# Gone fishing



## moondancer (Dec 21, 2013)

A foot off snow on the ground 11 degs out I'm going fishing . Fresh fish will b a nice change 


Sent from my iPhone using Survival Forum


----------



## jeff47041 (Jan 5, 2013)

Fun! I started out doing that a few days ago after work. My granddaughter got off the bus at our house after school. When I got home, we went to the pond and chopped a couple holes to see how thick the ice was and ended up just playing on the very slick ice for a couple of hours.
I didn't have any worms, so not a big deal.
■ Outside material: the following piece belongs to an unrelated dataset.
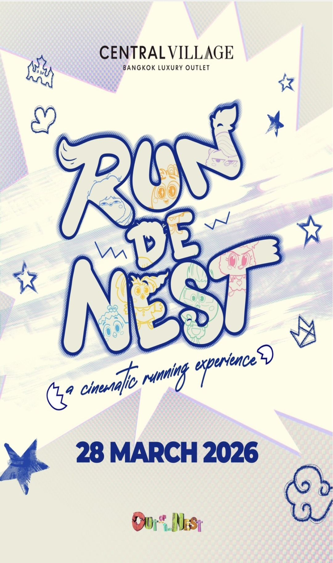 กิจกรรม Run de Nest & Outdoor Movie Night เกิดขึ้นจากความร่วมมือ ระหว่าง T&B Media Global (Thailand) และ Central Village Outlet ที่จะมาชวนสายออกกำลังกาย จะมาเดี่ยว มาคู่หรือมาเป็นครอบครัวมาสัมผัสประสบการณ์ใหม่ของงานวิ่งใน Central Village Outlet พร้อมกิจกรรมที่รวมความสนุกไว้ในที่เดียว ทั้งการออกกำลังกาย Fun Run ระยะทางประมาณ 2 กิโลเมตร สำหรับผู้เข้าร่วมทุกเพศทุกวัย และ Pet Parent บรรยากาศสนุกสนานตลอดเส้นทาง โดยผู้เข้าร่วม จะได้สัมผัสประสบการณ์การวิ่งในบรรยากาศสบาย ๆ พร้อมกิจกรรมไลฟ์สไตล์หลังเส้นชัย ก่อนปิดท้ายค่ำคืนด้วย การชมภาพยนตร์กลางแปลง (Outdoor Cinema) เรื่อง “Out of the Nest องครักษ์พิทักษ์เจี๊ยบ” แอนิเมชัน 1 ใน 35 เรื่องจากทั่วโลกที่ผ่านเกณฑ์พิจารณาอย่างเป็นทางการ ในประกาศรางวัลออสการ์ครั้งที่ 38 ท่ามกลางบรรยากาศชิล ๆ เหมาะสำหรับนักวิ่งมือใหม่ ครอบครัว กลุ่มเพื่อน รวมถึงผู้ที่ต้องการมาพักผ่อนเดินชมบรรยากาศและช้อปปิ้ง พร้อมเพลิดเพลินกับบูธอาหารในโซน Food & Lifestyle Zone พร้อมกิจกรรมที่จะสร้างความสนุกในสุดสัปดาห์ พร้อมรับของที่ระลึกสำหรับผู้ร่วมงาน กิจกรรมดีๆที่สายวิ่ง สายออกกำลังกายไม่ควรพลาด สนใจสามารถลงทะเบียนเข้าร่วมงาน Zip Event: https://www.zipeventapp.com/e/RUNdeNEST

Maybe I'll ice fish tomorrow. 
What do you use for bait?


----------



## moondancer (Dec 21, 2013)

Grubs with a metal shiner for attracting 


Sent from my iPhone using Survival Forum


----------



## airdrop (Jan 6, 2012)

Ice fishing lures with a grub ,flutter spoons jigged and everything small ,fish bite small when it's cold . Small piece of worm 3/8" or smaller with number 12 hook and 2 lb test line. Stuff like that lol , look on youtube guys have all kinds of stuff posted on this topic.


----------



## OldCootHillbilly (Jul 9, 2010)

My boys wan't me ta go ice fishin. Nope, I fell through the ice once an that were enough fer me! Plus I work outside 10 hours a day, last thin I really wanna do be spend anymore time out in it. 

Ifin yall enjoy it, I sure hope ya have some good luck! I'll be out in the spring when the canoe will float again.


----------